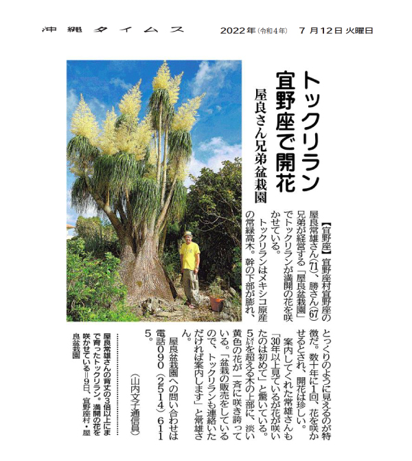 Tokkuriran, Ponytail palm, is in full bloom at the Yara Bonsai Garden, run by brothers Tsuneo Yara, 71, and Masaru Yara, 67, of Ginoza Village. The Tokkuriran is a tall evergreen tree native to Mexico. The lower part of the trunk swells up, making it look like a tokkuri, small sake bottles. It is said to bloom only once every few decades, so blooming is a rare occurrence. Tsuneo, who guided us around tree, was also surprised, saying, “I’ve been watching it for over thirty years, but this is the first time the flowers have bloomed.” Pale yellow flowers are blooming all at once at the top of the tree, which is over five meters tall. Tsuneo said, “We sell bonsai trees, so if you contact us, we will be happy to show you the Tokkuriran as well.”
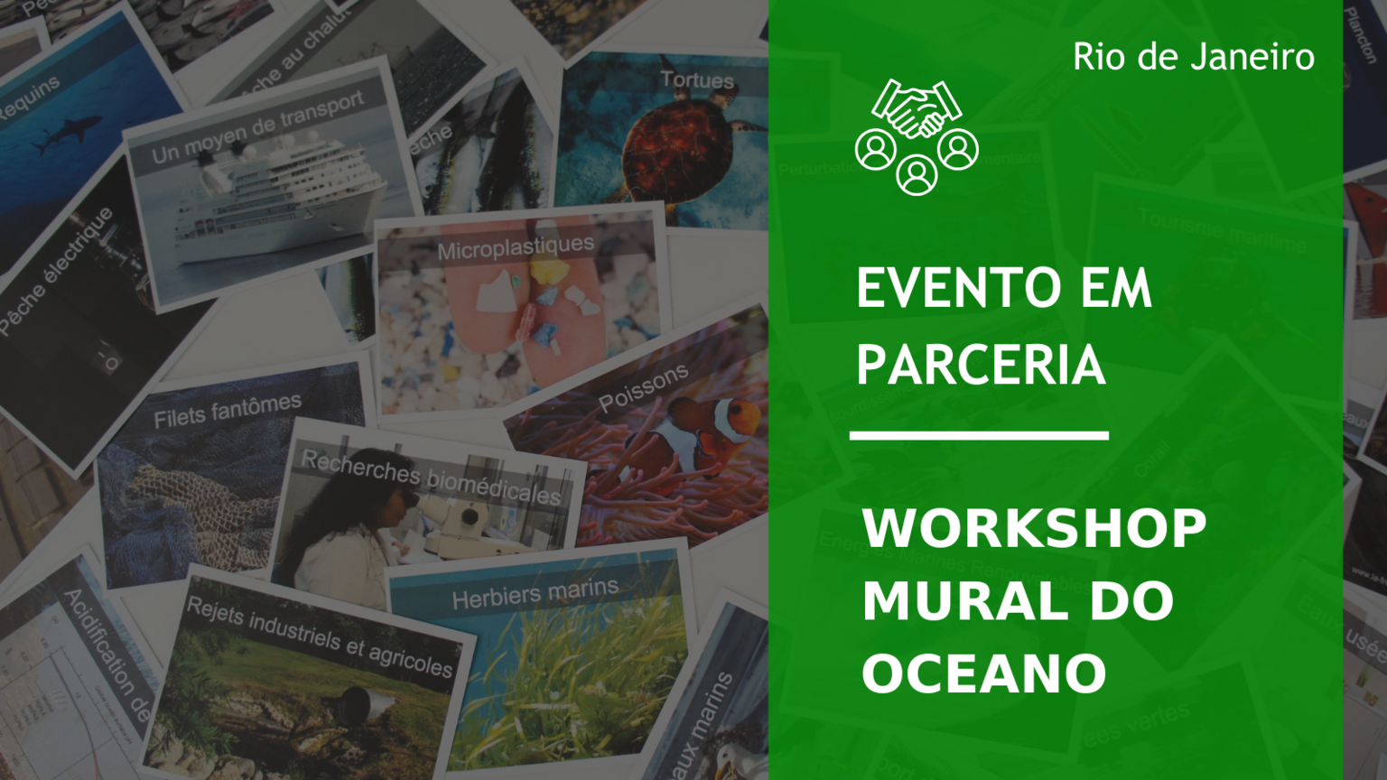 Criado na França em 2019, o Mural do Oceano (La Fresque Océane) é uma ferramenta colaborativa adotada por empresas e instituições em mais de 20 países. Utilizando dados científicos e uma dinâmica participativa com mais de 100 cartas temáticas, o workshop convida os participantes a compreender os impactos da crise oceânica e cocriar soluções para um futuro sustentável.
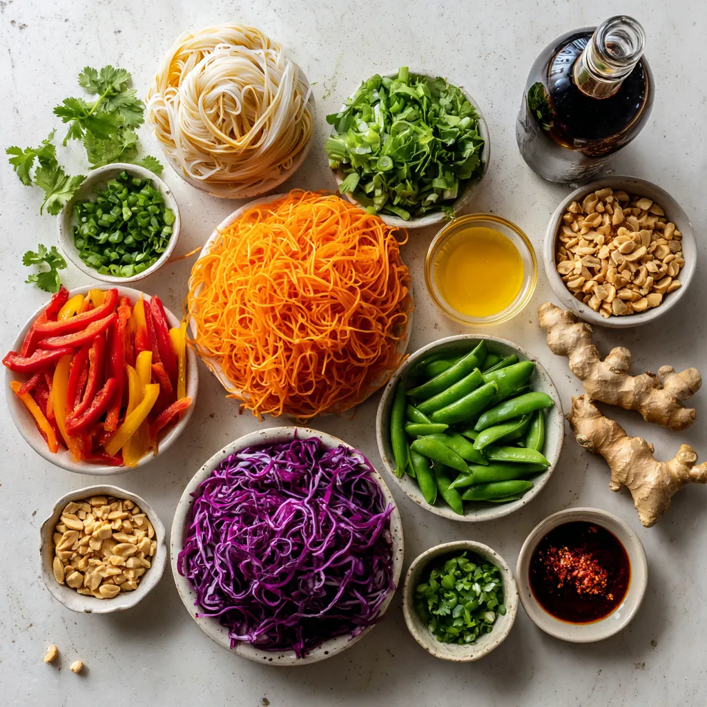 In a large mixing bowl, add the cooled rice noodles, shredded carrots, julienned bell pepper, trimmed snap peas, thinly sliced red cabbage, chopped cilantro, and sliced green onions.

══════════════════════════════

*Exercise requirements*
Return the complete data unchanged and include none of the pictures.

*Exercise response*
 Tokkuriran, Ponytail palm, is in full bloom at the Yara Bonsai Garden, run by brothers Tsuneo Yara, 71, and Masaru Yara, 67, of Ginoza Village. The Tokkuriran is a tall evergreen tree native to Mexico. The lower part of the trunk swells up, making it look like a tokkuri, small sake bottles. It is said to bloom only once every few decades, so blooming is a rare occurrence. Tsuneo, who guided us around tree, was also surprised, saying, “I’ve been watching it for over thirty years, but this is the first time the flowers have bloomed.” Pale yellow flowers are blooming all at once at the top of the tree, which is over five meters tall. Tsuneo said, “We sell bonsai trees, so if you contact us, we will be happy to show you the Tokkuriran as well.”
 Criado na França em 2019, o Mural do Oceano (La Fresque Océane) é uma ferramenta colaborativa adotada por empresas e instituições em mais de 20 países. Utilizando dados científicos e uma dinâmica participativa com mais de 100 cartas temáticas, o workshop convida os participantes a compreender os impactos da crise oceânica e cocriar soluções para um futuro sustentável.
 In a large mixing bowl, add the cooled rice noodles, shredded carrots, julienned bell pepper, trimmed snap peas, thinly sliced red cabbage, chopped cilantro, and sliced green onions.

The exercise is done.